To produce the corpus we have processed each clinical inquiry and the following information has been extracted:
The clinical inquiries, e.g. “What is the most effective treatment for tinea pedis athlete's foot?”. This was obtained straight from the title of the clinical inquiry.
The evidence-based answers: The answer to each clinical inquiry is composed of several parts addressing different topics related to the question. Each part was identified automatically by using the formatting conventions of the source text. In particular, we took advantage of the fact that each part was followed by an evidence grade that was easy to identify (see below).
The evidence grades of the answer parts: The evidence grade of each answer part follows the Strength of Recommendation (SOR) taxonomy that is used by JFP. It was extracted from the source text by exploiting the text formatting conventions, in particular by looking at the presence of the keyword “SOR”, followed by a letter indicating the strength of the recommendation (A, B, C, or D).
The answer justifications: The main text of each clinical inquiry was inspected manually and fragments of it were allocated to the relevant answer components. This was a major annotation undertaking. The source text was distributed to three annotators (members of the research team), with some overlap to check consistency. During the annotation process several checks were made until a final consensus was reached.
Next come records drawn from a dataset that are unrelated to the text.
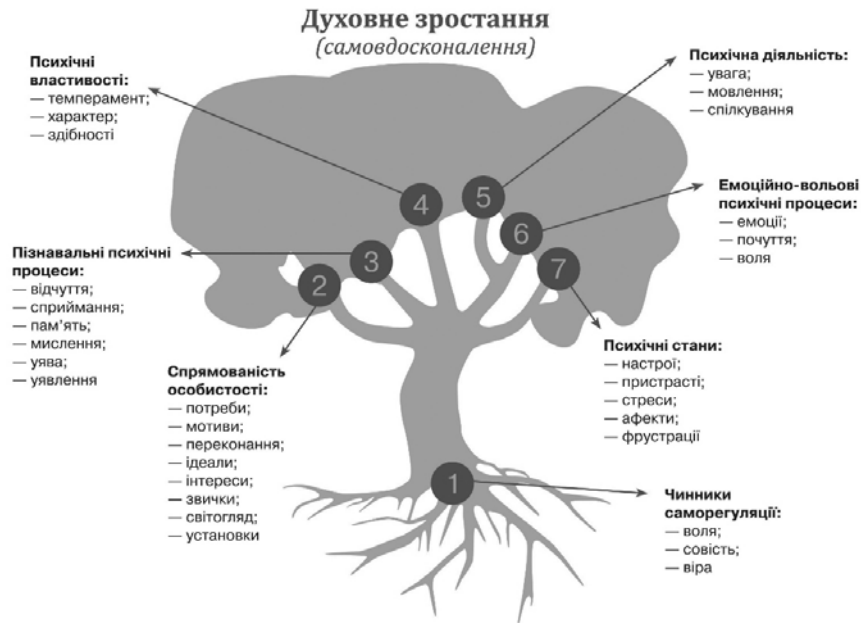
Рис. 1. Психологічна структура особистості за С. Максименко, Н. Жигайло

Авторська модель інформаційного духовного становлення особистості містить у собі інструментальний, потребово-мотиваційний та інтеграційний складники (рис. 2).
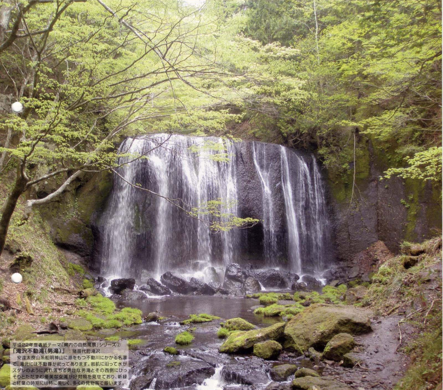
平成22年度表紙テーマ「県内の自然風景」シリーズ② 「滝沢不動滝(男滝)」：猪苗代町滝沢 安達太良山系船明神山に源をもつ不動川にかかる名瀑で、滝元には不動尊が祀っております。岩肌に沿って水がスグレのように流れ落ちる勇壮な男滝とその西側にひっそりとたたずむ優美な女滝が好対照を見せており、新緑と紅葉の時期には特に美しく、多くの見物客で賑います。
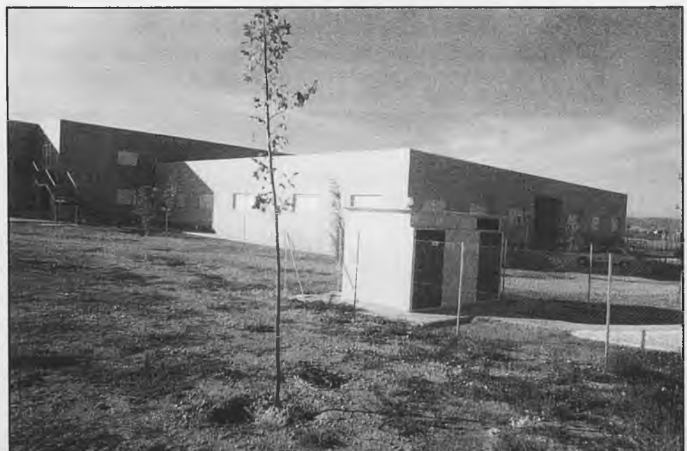
Residencia Hotel Club Blanco.

The whole annotation process took place between December 2010 and February 2011. During the annotation process the annotators also double-checked the automatically extracted components (clinical inquiry, answer, and evidence grade) and corrected them when necessary.
The references: During the annotation process, the citation text was automatically extracted and then manually allocated to the corresponding answer justifications. For each reference, the PubMed ID was identified by running a crowdsourcing annotation task using Amazon's Mechanical Turk (AMT). The references were grouped in sets of 10 references per group (called “hit” in AMT’s framework), and each individual hit was assigned to 5 Turkers from the pool of Turkers provided by AMT. After passing a test where they were asked to simulate the annotation task given references with known IDs, the Turkers could choose what hits to annotate. After the annotation was complete, the following automatic checks were made to detect the quality of the annotations: (i) include references with known IDs and check them against the IDs found by the Turkers; (ii) check any errors reported after searching PubMed with the IDs; (iii) compute the percentage of overlapping text between the reference text and the title of the PubMed article retrieved using the ID; and (iv) check the agreement with the other Turkers. These tests highlighted potentially incorrect IDs returned by the Turkers, which were then reviewed manually and corrected if necessary. A final test after the crowdsourcing task was completed and double-checked as described above revealed 100% correct annotations from a random sample of 100 annotations.